What is needed:
Below are records with pictures; copy word for word only the lines between the line with "Personalized Picture Blanket" and the line with "Where Heritage Meets", inclusive, and drop the pictures.

Data items:
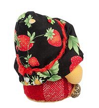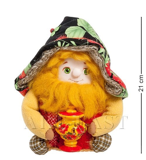 На голове гнома – большая панама, прикрывающая шевелюру рыжих волос. На лице подземного жителя приятная, нежная улыбка; гном улыбается не только губами, но и зелеными глазами. Одежду игрушечного человечка составляют желтая фуфайка и красный комбинезон, а на его ногах – клетчатые ботинки. В руках гном держит небольшой желтый самовар, украшенный красными цветами.
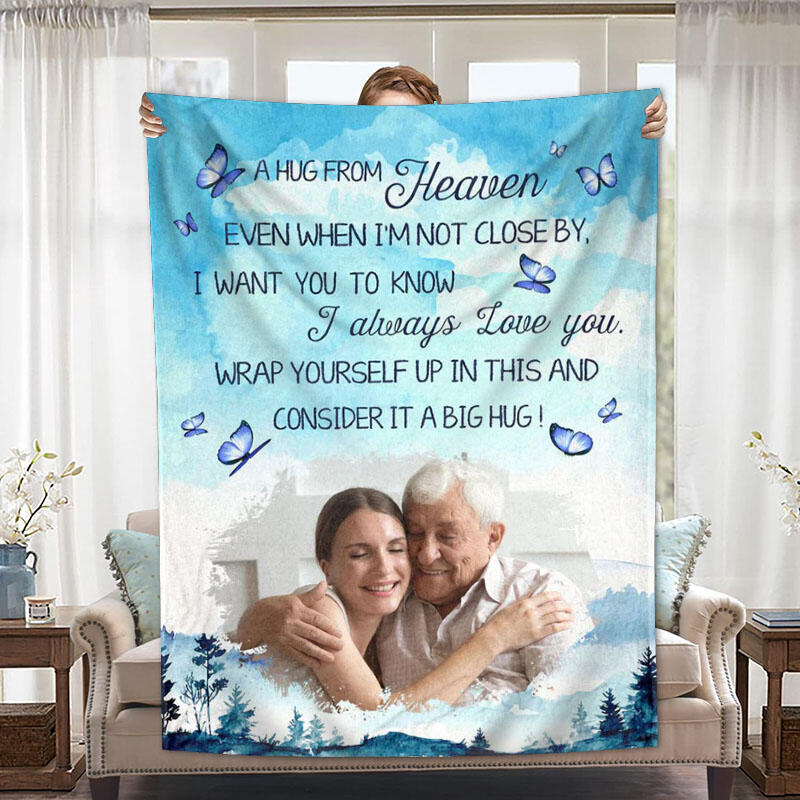 Personalized Picture Blanket with Blue Butterflies Pattern Beautiful Present for Dear Family
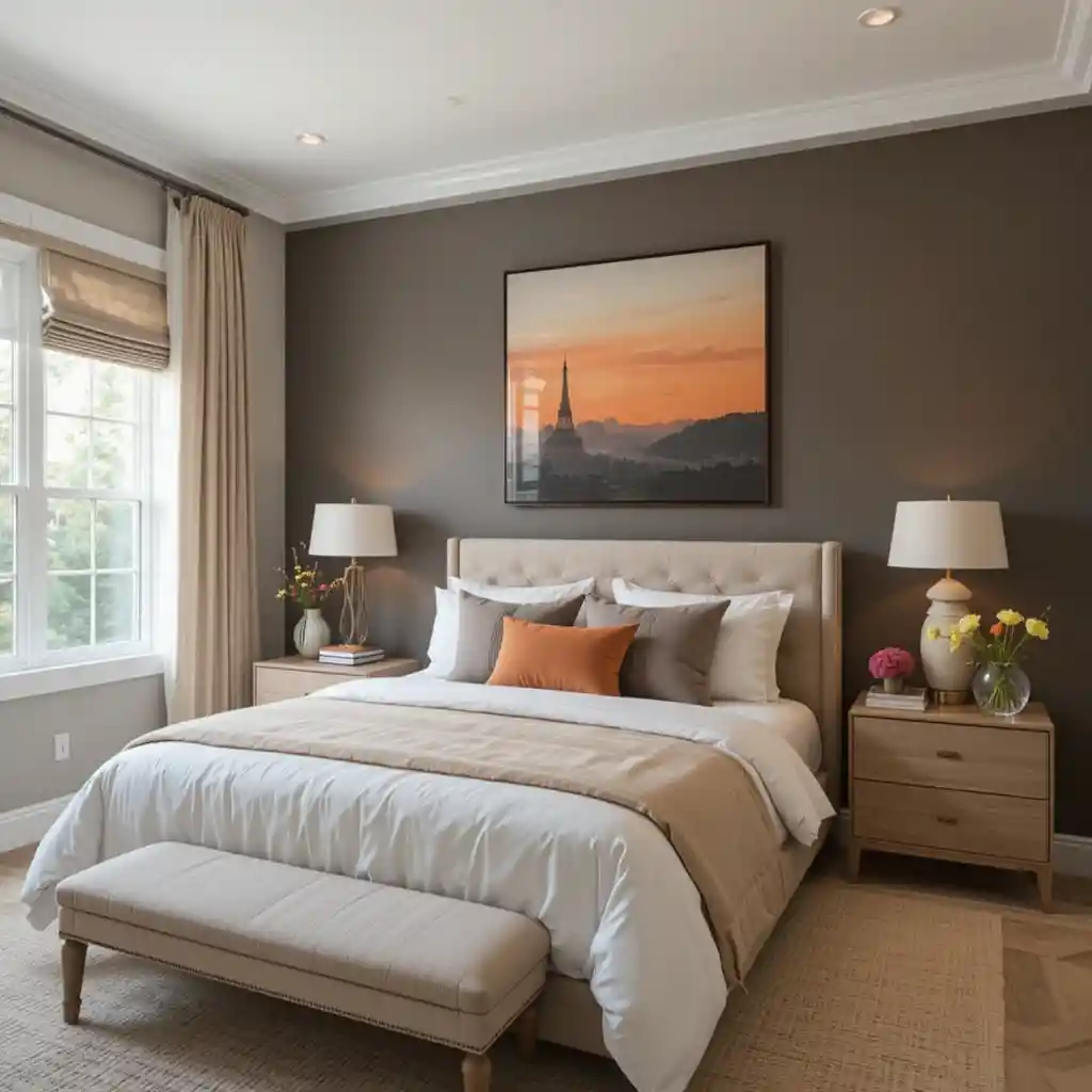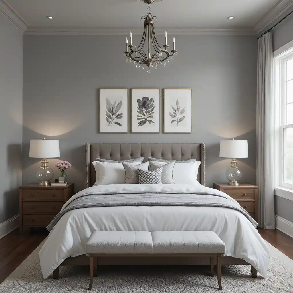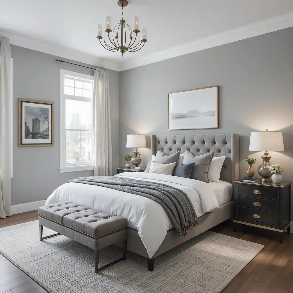 A soft gray palette brings timeless sophistication. It creates a calming vibe and pairs well with both bold and neutral accents. Bedroom Color Ideas
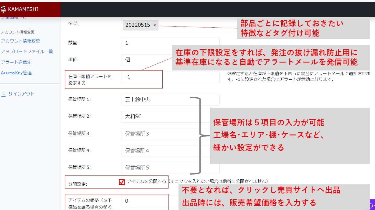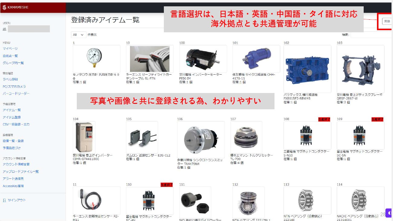 工場や倉庫に点在する部品や工具をQRコードで登録し、クラウド上で一元管理。
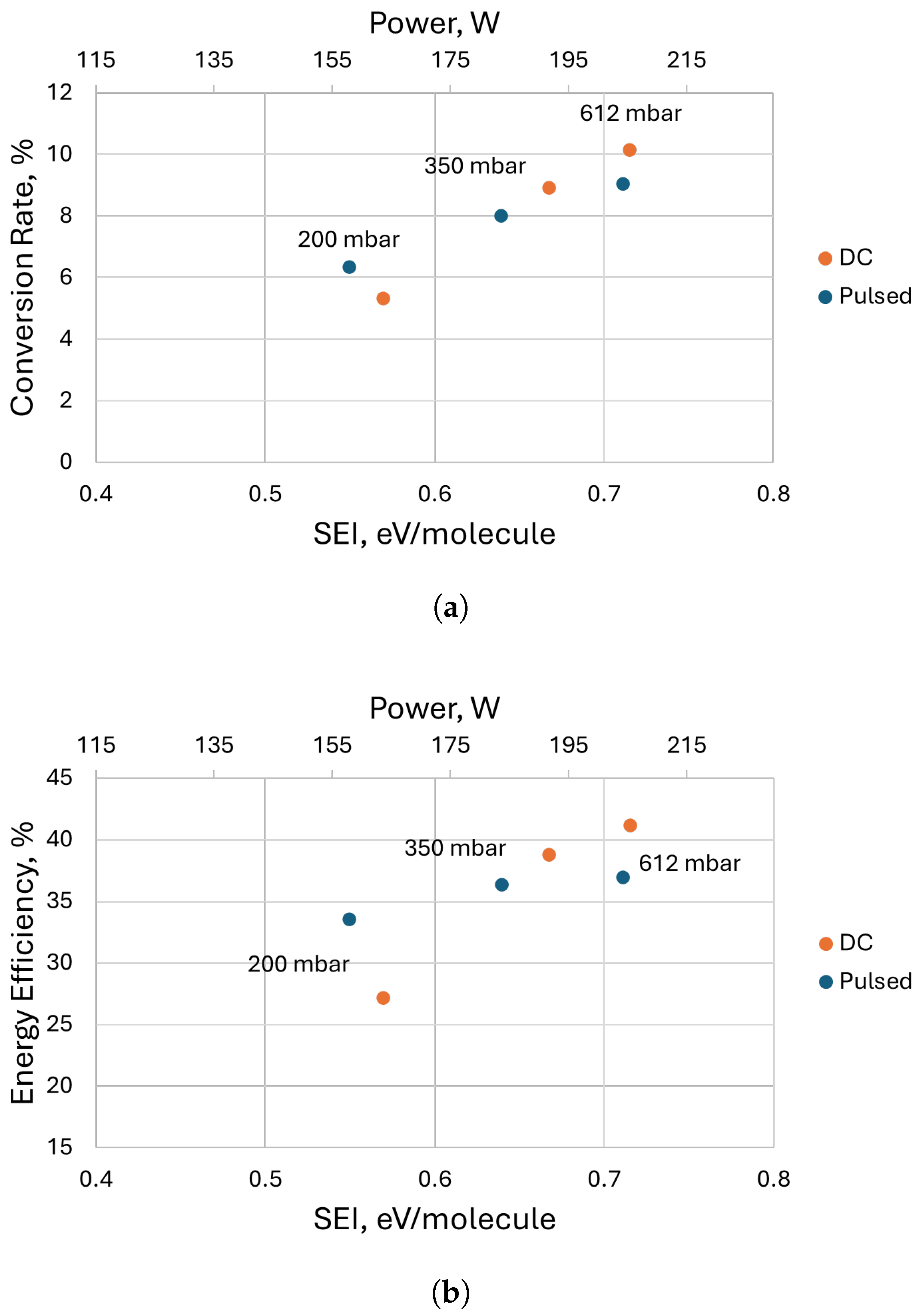 = 0.25. The current values of the measurements made with the DC supply were chosen such that the power consumption of the DC discharge was similar to that obtained with the pulsed power supply. It can be seen that, at 200 mbar, the pulsed power supply performed much better than the DC power supply in terms of both energy efficiency and conversion rate for similar power and
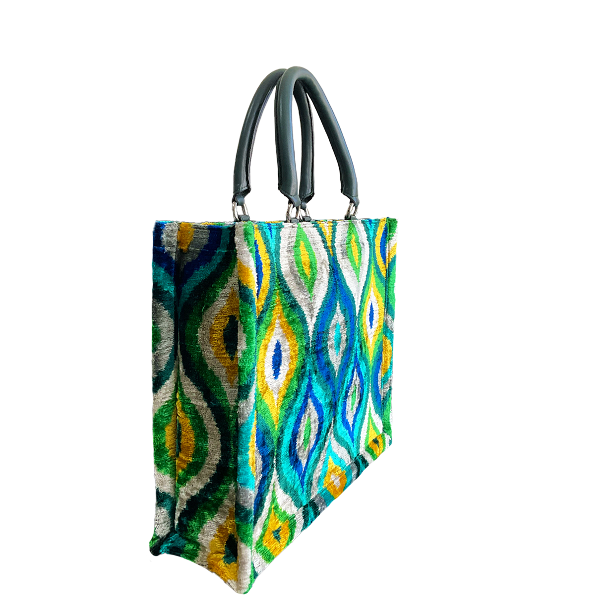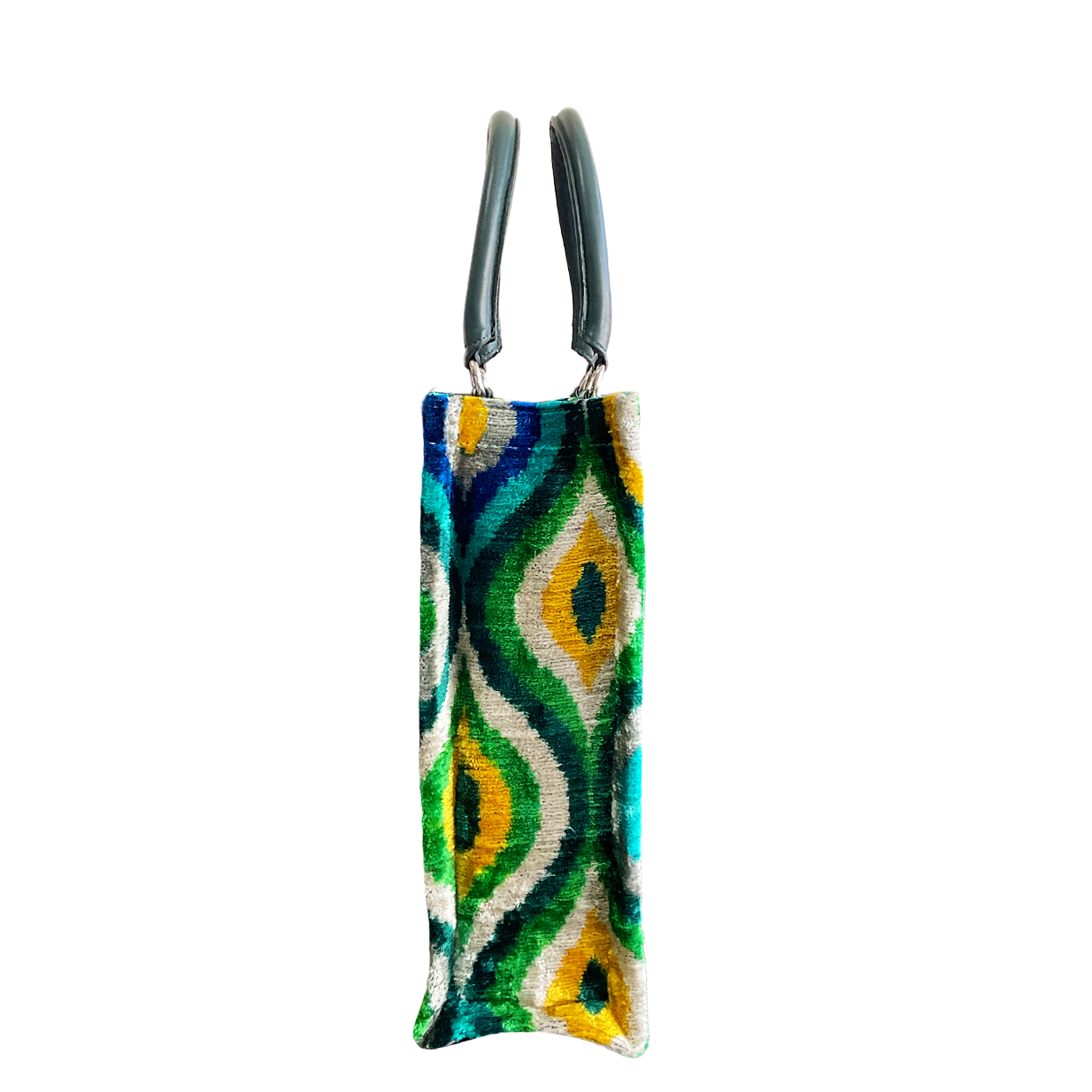 Where Heritage Meets Modern Luxury. Handcrafted in Istanbul and designed in Italy, this exquisite tote is a tribute to artisanal excellence. Made from authentic Silk Velvet Ikat, it blends timeless tradition with a sophisticated, contemporary silhouette.
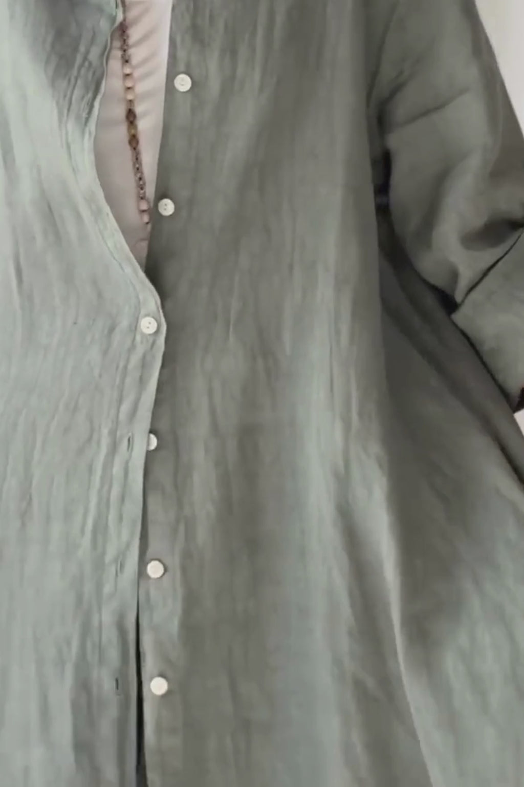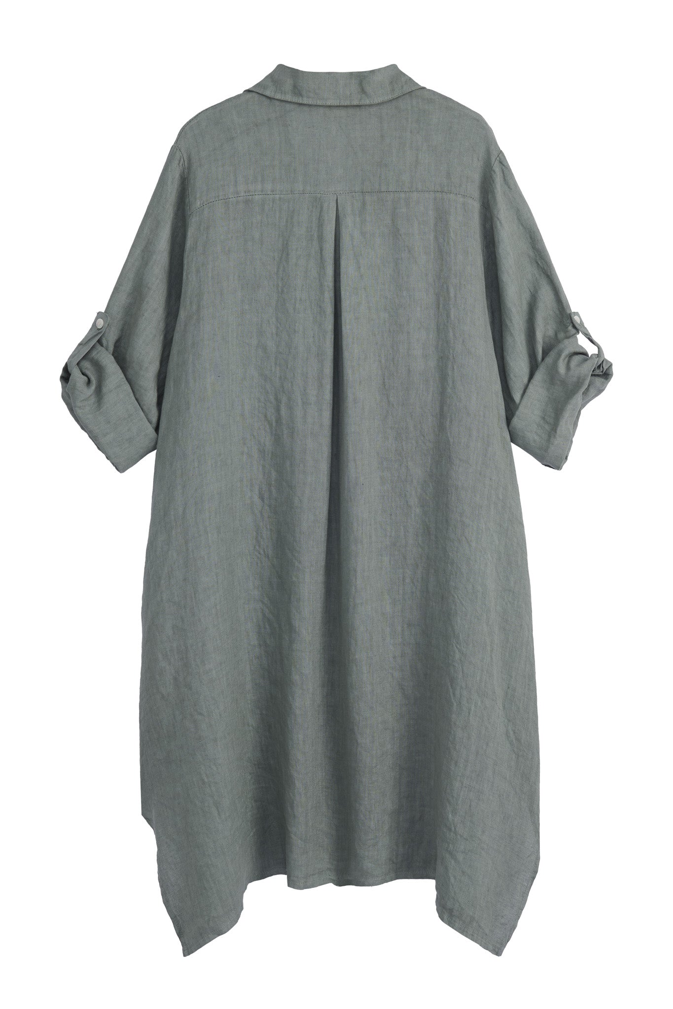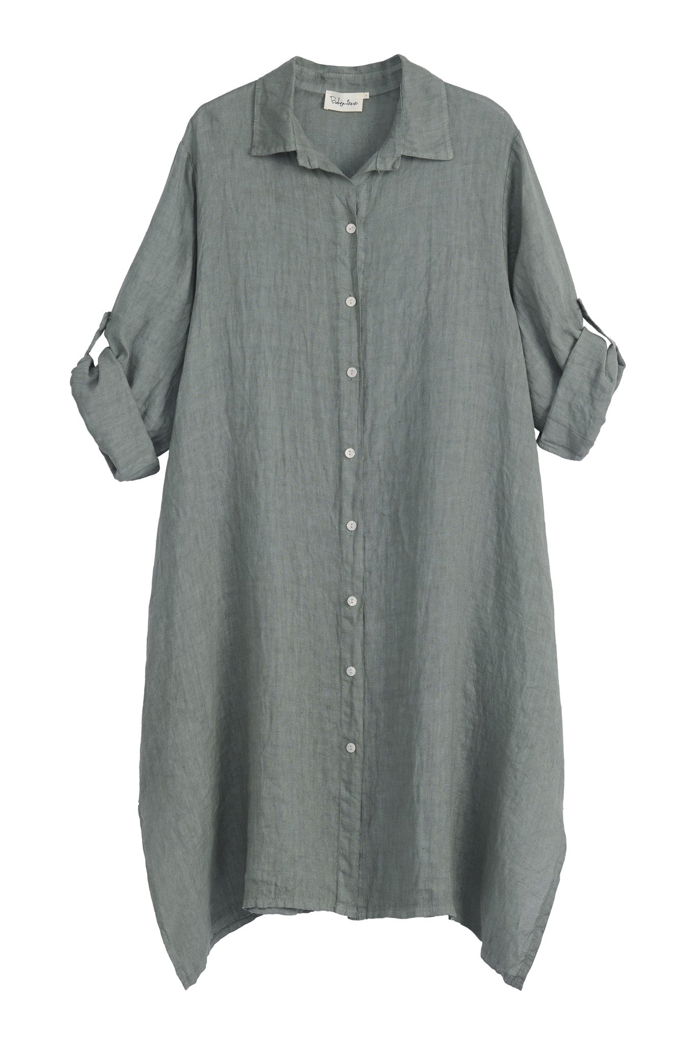 Upea pellavainen paitamekko, jossa kaulukset, halkiot sivuilla ja edessä napitus. Täydellinen pitkä ja kevyt paitamekko, joka sopii puettavaksi sekä pellavahousujen, että farkkujen kanssa.

Answer to the exercise:
 Personalized Picture Blanket with Blue Butterflies Pattern Beautiful Present for Dear Family
 A soft gray palette brings timeless sophistication. It creates a calming vibe and pairs well with both bold and neutral accents. Bedroom Color Ideas
 工場や倉庫に点在する部品や工具をQRコードで登録し、クラウド上で一元管理。
 = 0.25. The current values of the measurements made with the DC supply were chosen such that the power consumption of the DC discharge was similar to that obtained with the pulsed power supply. It can be seen that, at 200 mbar, the pulsed power supply performed much better than the DC power supply in terms of both energy efficiency and conversion rate for similar power and
 Where Heritage Meets Modern Luxury. Handcrafted in Istanbul and designed in Italy, this exquisite tote is a tribute to artisanal excellence. Made from authentic Silk Velvet Ikat, it blends timeless tradition with a sophisticated, contemporary silhouette.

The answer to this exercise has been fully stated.